Stone, B. (2010). “The Children of Cyberspace: Old Fogies by Their 20s.” The New York Times. Retrieved 30. June, 2010.
Stone points out the significant generational difference gaps due to the rapid rate at which technology is developing. Kids born into the world today are growing up in a time when high-tech devices like the Kindle, iPads, iPhones, and Skype are part of daily life. With such technology as a normal part of these kid’s lives, they’re going to participate in and view the world in a much different way than individuals born fifty, twenty, or even ten years ago. Today’s young kids are going to have distinctive expectations of the world.
Researchers are looking into the result of this accelerated technological change, and many theories have been posited. For example, growing up with the iPhone and iPad these kids will probably expect all computers to have touch screens. Dr. Larry Rosen’s ideas about the “i-generation” are referenced in the article, stating that these kids who were born in 90’s and this decade communicate through texting and instant messaging and have a higher multi-tasking capacity – performing seven tasks at a time during their down-time rather than the six performed by 20 year olds, and five performed by 30 year olds. Growing up with technology that provides consistent and instant communication via multiple platforms all on one device will cause these kids to grow up expecting to have instant access any information they need and to anyone they need or want to reach – teachers and employers included.

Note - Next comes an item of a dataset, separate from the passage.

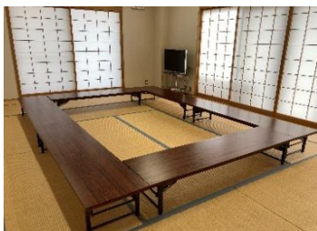
~12名 12畳 座机(6)/座椅子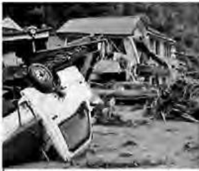
発災直後の朝倉市の様子

7月5日、九州北部を記録的な豪雨が襲い、土砂崩れや河川の氾濫などにより多くの集落が孤立し、多数の死者、行方不明者等を出す甚大な被害をもたらしました。

There are, however, some problems researchers foresee for these kids. Vicky Rideout, a vice president at the Kaiser Family Foundation, mentions the concern that these kids may have issues focusing at school and work, being unable to summon the capacity to concentrate on a task when they need to. Rideout also notes the relaxed ideas about privacy these kids hold. Cell phones now have the capacity to register and broadcast geographic location. As these kids are growing up with this software and hardware, such concepts are second nature – location broadcasting tools may become an expected feature of high-tech gadgets for communicating with the world. Sharing the details of life, staying connected with friends and constantly being logged-in is part of these kids’ reality – they’re almost never “off the grid”, there are many implications for the way these kids will grow up interacting with the world and what they expect technology-wise to help them interact in this constantly connected way of life.
On User group:
Today’s technologically skilled children are constantly plugged in. They have access to any bit of information they desire, a multitude of opinions about that information, and the ability to communicate their own opinions and desires all through a couple clicks of a button. As informed and competent individuals they aren’t passive consumers, but very active ones. Active consumers however, can be a great tool for marketers. As these kids spend a substantial portion of their lives online, sharing practically every detail about their lives, marketers have the ability to not only access information about what these kids think is cool and desire to buy, but what they actually purchase. Furthermore, as many of these kids consume via online outlets, or gush on social-networks about the new item they just picked up at the mall, they are sharing their consumption habits with their peers, basically a form of word-of-mouth marketing – once one popular person gets something cool, others will follow as the original person is a trusted opinion leader. These kids aren’t only users of technology and information, but producers too.
As these kids are growing up with access to such hi-tech devices as the iPad, they are learning about the world around them in a whole different way and obtaining a whole different source of background knowledge than older generations. As the article explains, the different background knowledge changes the way these kids interact with the world. They don’t have the same understanding of privacy protection as their parents do, and their habit of Skyping a friend and surfing the net at the same time points to a lack of attention control. These are problems that these kids may suffer from when they are adults, but maybe not. Perhaps such rapid change in technology could potentially create products that simultaneously keep these individuals open, creative, and accessible, while also supporting their privacy and focusing their attention – there’s obviously a developing market for such products.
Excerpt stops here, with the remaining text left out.